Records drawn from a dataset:
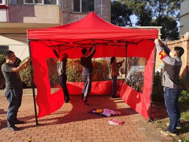 在全員核酸檢測時,工力所社區居民多已年長,部分人員身體狀況不佳,長時間排隊情緒容易焦躁,體力也吃不消。對此,現場工作組積極協調,第一時間為社區提供塑料座椅,供居民臨時休息。現場工作人員長時間指揮嗓子干啞,支部立即調配擴音器、引導線等,輔助維持現場秩序。聞息近期有雨,又緊急增配雨衣,以免影響檢測工作。接到第四輪核酸檢測點遷移指令后,工作組又緊急集結,在居民區空地搭設帳篷,設置排隊引導線、隔離樁,調試設備設施,有效保證核酸檢測工作順利進行。
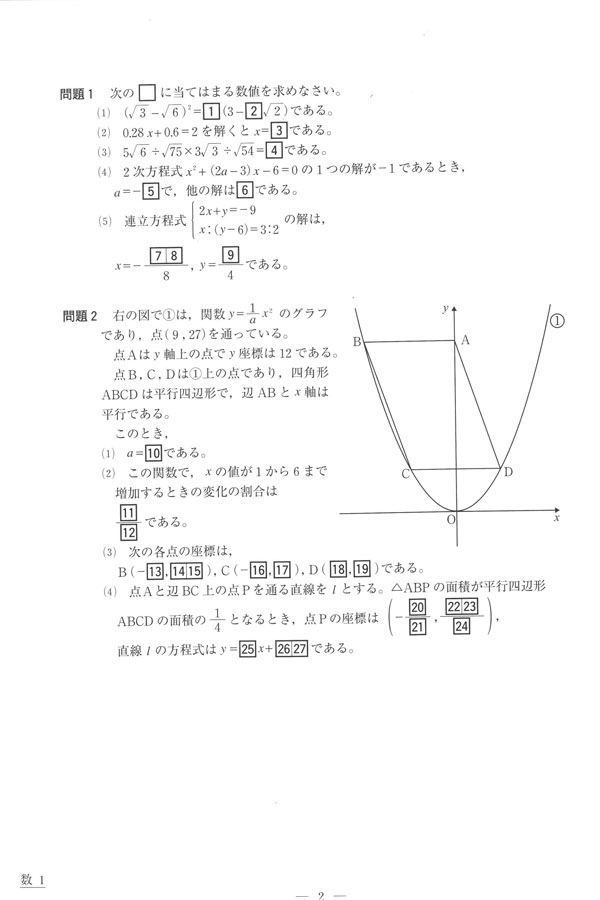 平成21年度入試過去問題(数学 問題)(1ページ目)|札幌第一高等学校の入試過去問
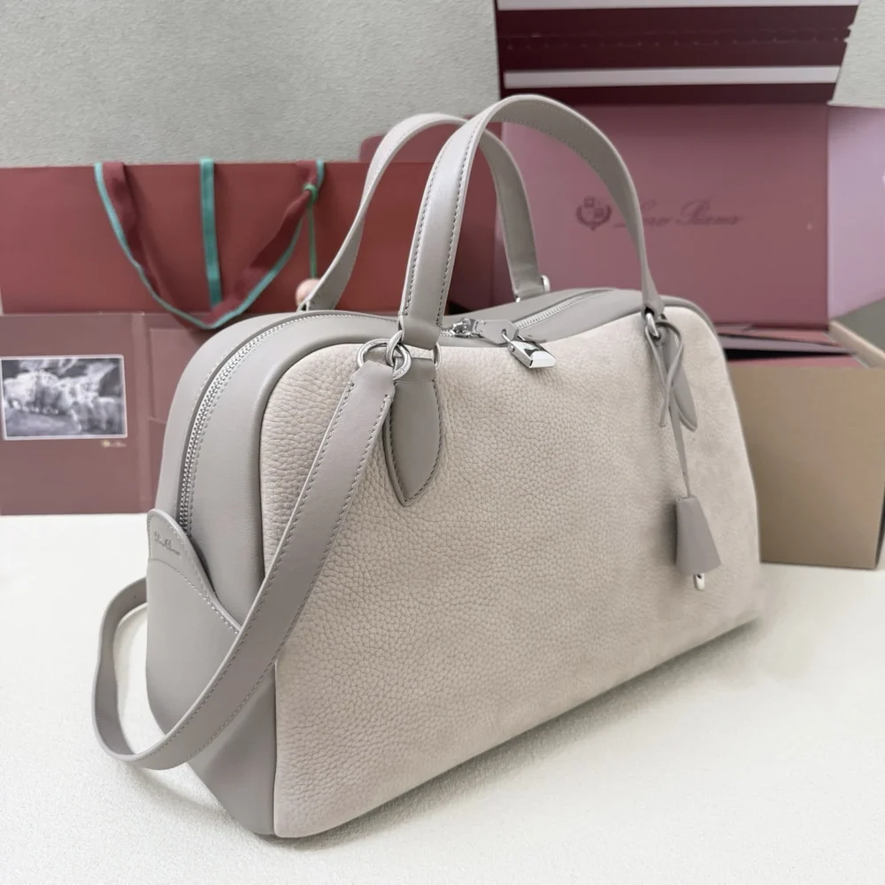 Here presented in a medium size, the Needle is a Loro Piana interpretation of the bowling bag, complete with the iconic LP charms. Evoking the Maison’s textile heritage, it is inspired by the bags used to carry knitting needles. It is constructed with soft, sinuous lines, allowing for versatile wear over the shoulder or in hand. Crafted from Grained Nabuk with a velvety suede lining, it has a harmonious silhouette and is made with a single piece of leather along the sides.
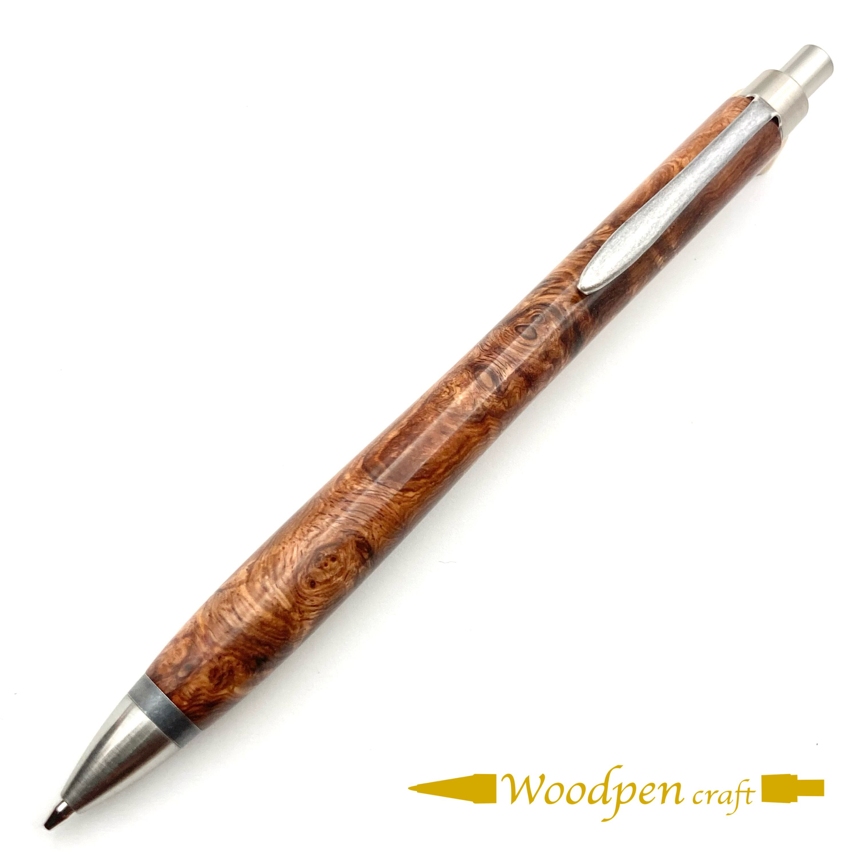 ペンシルは軸ブレが起こりにくい固定式口金を採用し、木の表情を最大限に楽しめる木軸の長さと、書き心地にこだわったバランスで金具を設計してあります。
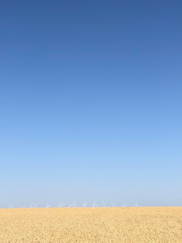 It’s a steep climb after Rabé up into the Meseta proper. The last green hills of Burgos give way to a sea of gold, unbroken at eye level but towered over by a host of wind turbines that make the place a dry parody of the North Sea: similarly featureless, though a great deal warmer.
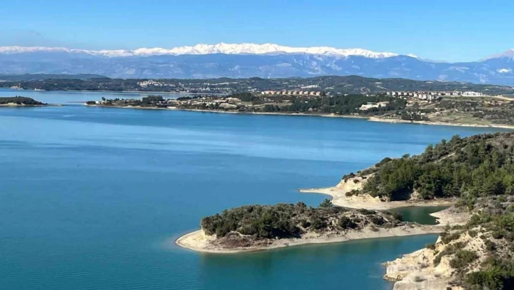 Toroslar’ın zirvesinin karla kaplanması ve Seyhan Baraj Gölü aynı kadraja girince kartpostallık manzaralar oluştu.
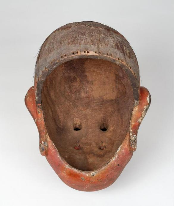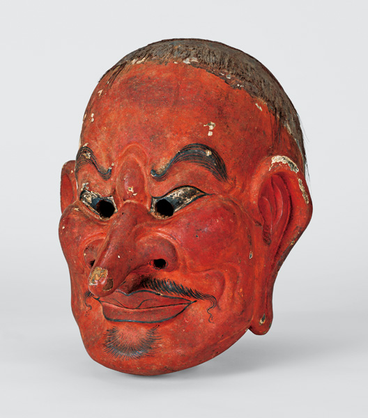 这件醉胡从面具表现的是高鼻深目的胡人,由桐木制成,将表现涂成红色,表现出醉酒的模样。顶部有动物毛发残留,推测是用马的鬃毛来制作头发。面具的背面有墨书,可以知道是一个叫舍目师的人的作品。在这部伎乐中,由 8 人组成的醉胡从将跟随醉胡王在乐舞的最后阶段登场,举办一场盛大的酒宴。研究者推测,表演者可能是通过表现出烂醉如泥的姿态来营造喜剧氛围。
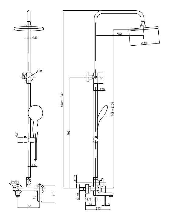 Стойка душевая Aquanet Passion R3 AF300-72-R-B черная
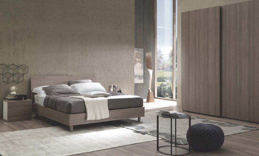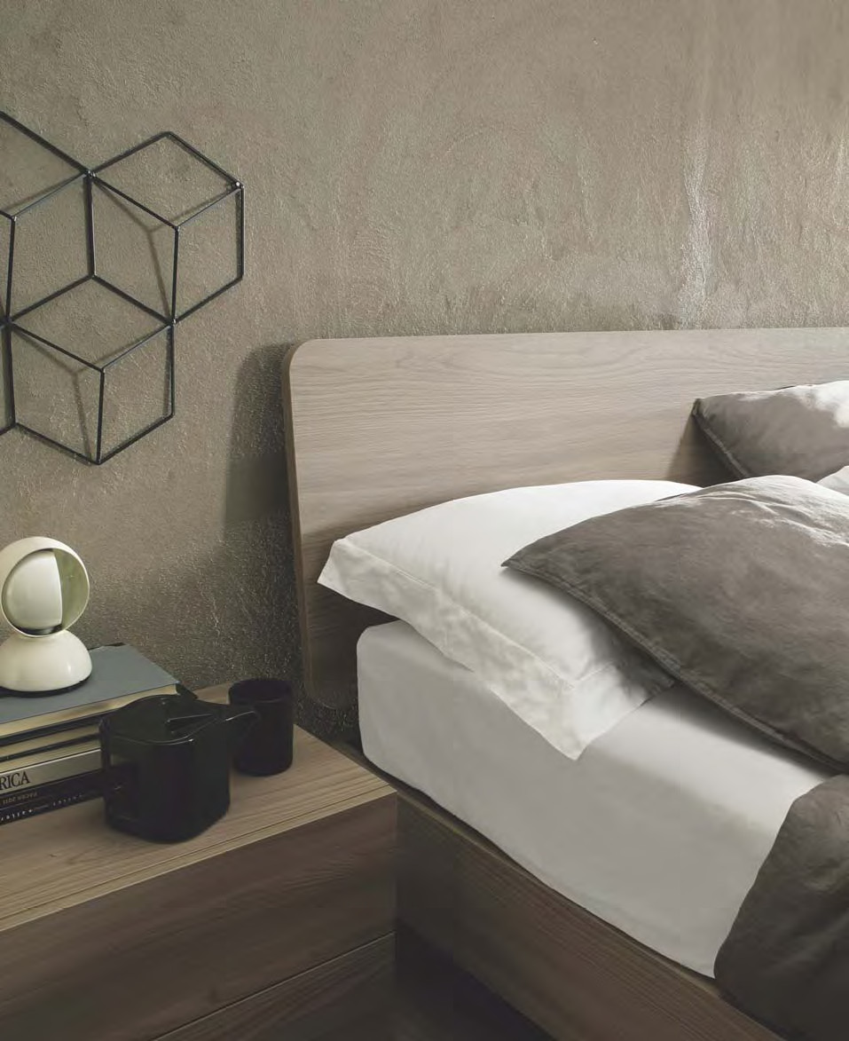 Finiture disponibili: giroletto in nobilitato liscio e poro aperto di serie, laccatura opaca, testiera disponibile imbottita in tutte le categorie di tessuto ed ecopelle.

▶ Exercise instructions
Exactly as given, transcribe every line of the data, but not its images.

▶ Answer area
 在全員核酸檢測時,工力所社區居民多已年長,部分人員身體狀況不佳,長時間排隊情緒容易焦躁,體力也吃不消。對此,現場工作組積極協調,第一時間為社區提供塑料座椅,供居民臨時休息。現場工作人員長時間指揮嗓子干啞,支部立即調配擴音器、引導線等,輔助維持現場秩序。聞息近期有雨,又緊急增配雨衣,以免影響檢測工作。接到第四輪核酸檢測點遷移指令后,工作組又緊急集結,在居民區空地搭設帳篷,設置排隊引導線、隔離樁,調試設備設施,有效保證核酸檢測工作順利進行。
 平成21年度入試過去問題(数学 問題)(1ページ目)|札幌第一高等学校の入試過去問
 Here presented in a medium size, the Needle is a Loro Piana interpretation of the bowling bag, complete with the iconic LP charms. Evoking the Maison’s textile heritage, it is inspired by the bags used to carry knitting needles. It is constructed with soft, sinuous lines, allowing for versatile wear over the shoulder or in hand. Crafted from Grained Nabuk with a velvety suede lining, it has a harmonious silhouette and is made with a single piece of leather along the sides.
 ペンシルは軸ブレが起こりにくい固定式口金を採用し、木の表情を最大限に楽しめる木軸の長さと、書き心地にこだわったバランスで金具を設計してあります。
 It’s a steep climb after Rabé up into the Meseta proper. The last green hills of Burgos give way to a sea of gold, unbroken at eye level but towered over by a host of wind turbines that make the place a dry parody of the North Sea: similarly featureless, though a great deal warmer.
 Toroslar’ın zirvesinin karla kaplanması ve Seyhan Baraj Gölü aynı kadraja girince kartpostallık manzaralar oluştu.
 这件醉胡从面具表现的是高鼻深目的胡人,由桐木制成,将表现涂成红色,表现出醉酒的模样。顶部有动物毛发残留,推测是用马的鬃毛来制作头发。面具的背面有墨书,可以知道是一个叫舍目师的人的作品。在这部伎乐中,由 8 人组成的醉胡从将跟随醉胡王在乐舞的最后阶段登场,举办一场盛大的酒宴。研究者推测,表演者可能是通过表现出烂醉如泥的姿态来营造喜剧氛围。
 Стойка душевая Aquanet Passion R3 AF300-72-R-B черная
 Finiture disponibili: giroletto in nobilitato liscio e poro aperto di serie, laccatura opaca, testiera disponibile imbottita in tutte le categorie di tessuto ed ecopelle.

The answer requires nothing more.